A forma como as pessoas buscam informação na internet mudou. Em vez de digitar palavras-chave em buscadores tradicionais, usuários passaram a conversar com ferramentas de inteligência artificial (IA) como ChatGPT, Gemini e Perplexity, que entregam respostas prontas, contextualizadas e sintéticas.
Esse movimento vem alterando a lógica de descoberta de conteúdo online e reduzindo a centralidade dos links como principal porta de entrada para informações. O que antes era dominado pelas regras do SEO (Search Engine Optimization), hoje ganha novos formatos com o GEO (Generative Engine Optimization), a prática de otimizar conteúdo para aparecerem nas respostas geradas por inteligências artificiais generativas.
Para Marta Dourado, CEO da Fundamento Grupo de Comunicação, essa mudança já exige ajustes concretos na forma como as empresas e criadores estruturam sua presença digital, desde o conteúdo até os elementos dentro dos próprios sites. Pensando nisso, ela analisa o que muda na prática e o que as marcas precisam fazer para se adaptar à nova lógica das buscas mediadas pela inteligência artificial. Confira:
Conteúdos mais claros
O conteúdo deixa de ter como objetivo principal o ranqueamento. Agora, a finalidade é ser compreendido e utilizado pela IA como fonte confiável pelos buscadores, que utilizam essas informações para gerar respostas aos usuários.
De acordo com Marta, isso exige um nível maior de clareza e profundidade na produção. “O conteúdo precisa ser completo o suficiente para ser entendido sozinho. A IA não depende mais apenas de links, ela interpreta o próprio texto e decide se aquilo é confiável ou não”, explica.
Dados do Pew Research Center mostram que 60% das buscas iniciadas com termos interrogativos, como “quem”, “o que”, “quando” e “por que”, acionam resumos gerados por inteligência artificial. Para a executiva, esse comportamento reforça a necessidade de conteúdos mais objetivos, completos e estruturados para responder dúvidas reais dos usuários.

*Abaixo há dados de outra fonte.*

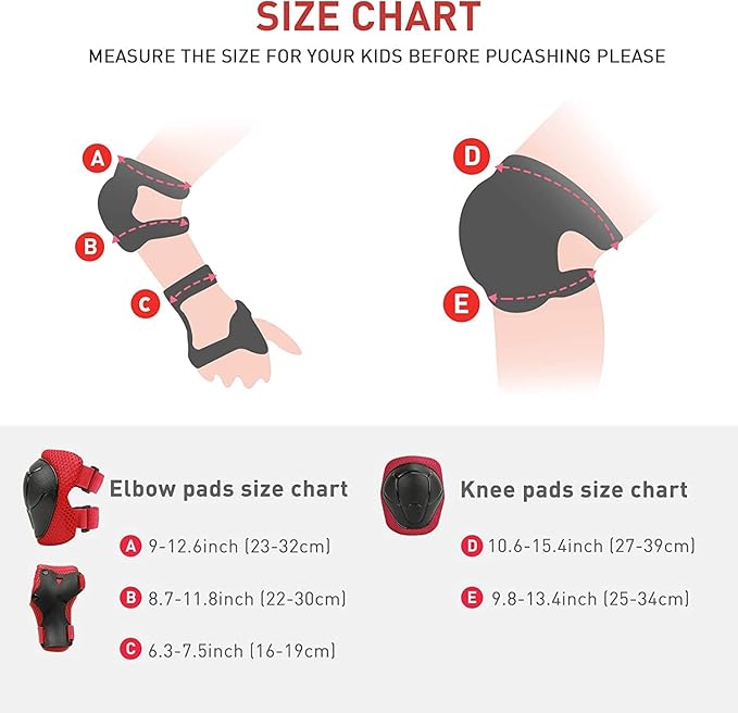 - 【SIZES AVAILABLE】The adjustable straps and closures on the helmet and protective gear make it easy to fit different sizes of knee, elbow, and wrist. It is flexible, secure, and can be adjusted and released quickly for added convenience. Helmet size S: 20''-21.3''(51-54cm) suitable for kids boy or girl ages 3-5-8 years old.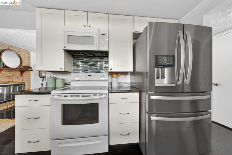 - Electric Range, Microwave, Refrigerator, Counter - Solid Surface, Electric Range/Cooktop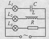 如图所示,当交流电源的电压为220 V,频率为50 Hz时,三只灯泡,L1、L2、L3亮度相同。若保持交流电源的电压不变,只将其频率变为100 Hz,则 ( )
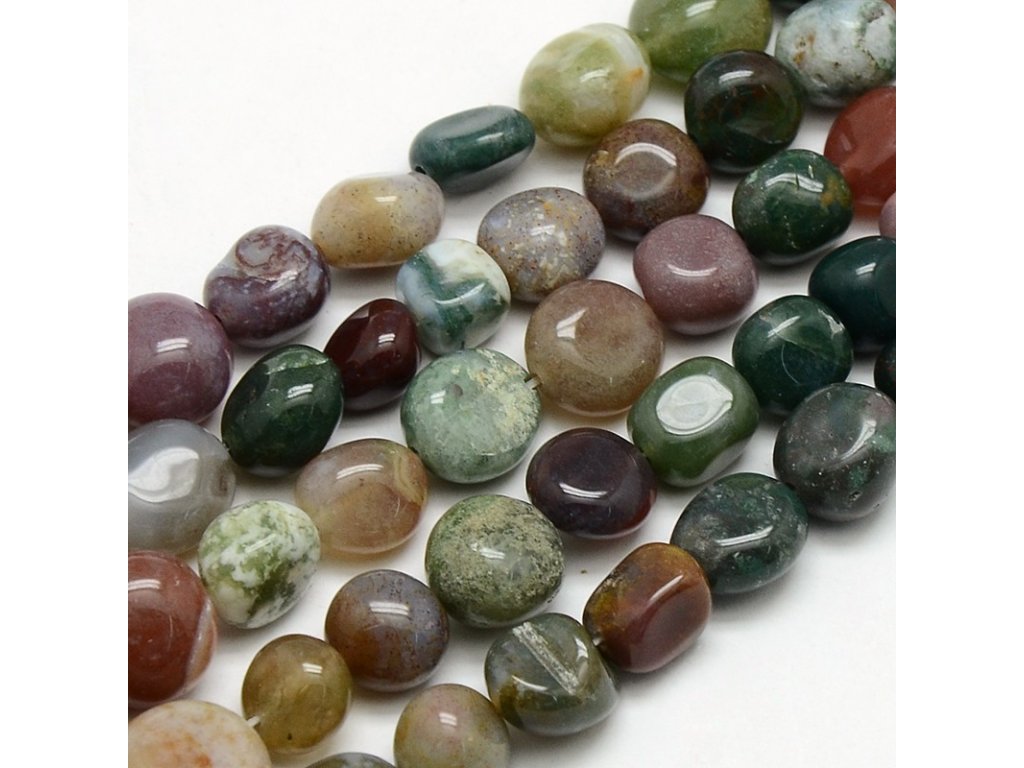 Neukončená šňůra s korálky ve tvaru valounků. Délka šňůry cca 37 cm +- 2cm. Rozměr valounků v rozmezí 8~12x8~12mm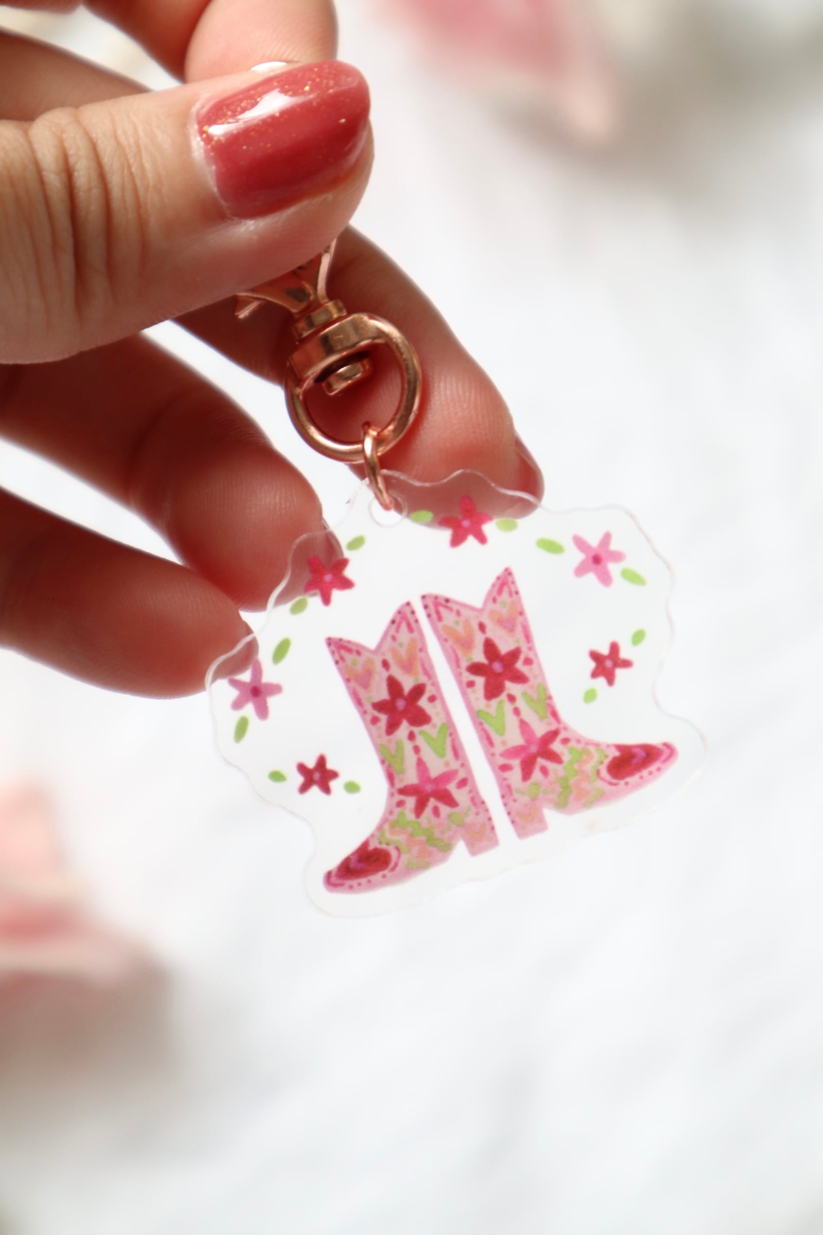 カラビナ部分もかわいいピンクゴールド色です。

Hiperlinks perdem protagonismo
Embora ainda tenham relevância como referência e contexto, os hiperlinks perdem espaço como principal mecanismo de autoridade dentro de ambientes baseados em IA generativa.
A lógica de dependência de links muda. O que passa a importar é a consistência da informação e a capacidade do conteúdo de se sustentar por si só como fonte confiável”, destaca a executiva.
Na prática, os backlinks permanecem importantes no GEO, mas perdem peso relativo para as menções de marca. Enquanto o SEO tradicional valoriza links como votos de confiança entre domínios, a inteligência artificial interpreta menções textuais como indicadores de autoridade e relevância. “Isso significa que uma empresa citada frequentemente em contextos positivos por fontes confiáveis ganha preferência nas respostas das IAs, mesmo sem links diretos”, comenta a CEO da Fundamento Grupo de Comunicação.
Data Driven PR
Menções de marca em contextos positivos funcionam como sinais de confiança nos critérios de GEO. Diferentemente dos backlinks, que transferem autoridade entre domínios, as menções influenciam a forma como modelos de linguagem interpretam a credibilidade e a relevância de uma marca em contextos específicos.
Nesse cenário, a assessoria de imprensa orientada a dados – também conhecida como Data Driven PR – torna-se uma estratégia fundamental para GEO. A produção de pesquisas originais, análises de mercado e insights baseados em dados proprietários gera conteúdos mais atrativos para veículos de comunicação e influenciadores, ampliando a credibilidade e a autoridade da marca.
Elementos como banners e formatos tradicionais de display continuam relevantes para a experiência do usuário, mas começam a perder destaque com a descoberta de marcas acontecendo cada vez mais por meio de respostas mediadas por inteligência artificial. “Com a mediação da IA, os banners deixam de cumprir apenas uma função de conversão imediata e passam a reforçar presença e reconhecimento de marca dentro de uma estratégia mais ampla de reputação digital”, afirma.
Segundo a executiva, isso também amplia a importância de ações integradas entre branding, conteúdo, reputação e presença institucional. “Empresas que compreenderem essa transformação com antecedência terão vantagem competitiva na construção de relevância digital. Mais do que disputar posições em buscadores, o desafio agora é construir autoridade suficiente para ser reconhecida como fonte confiável em um ambiente mediado por inteligência artificial”, completa.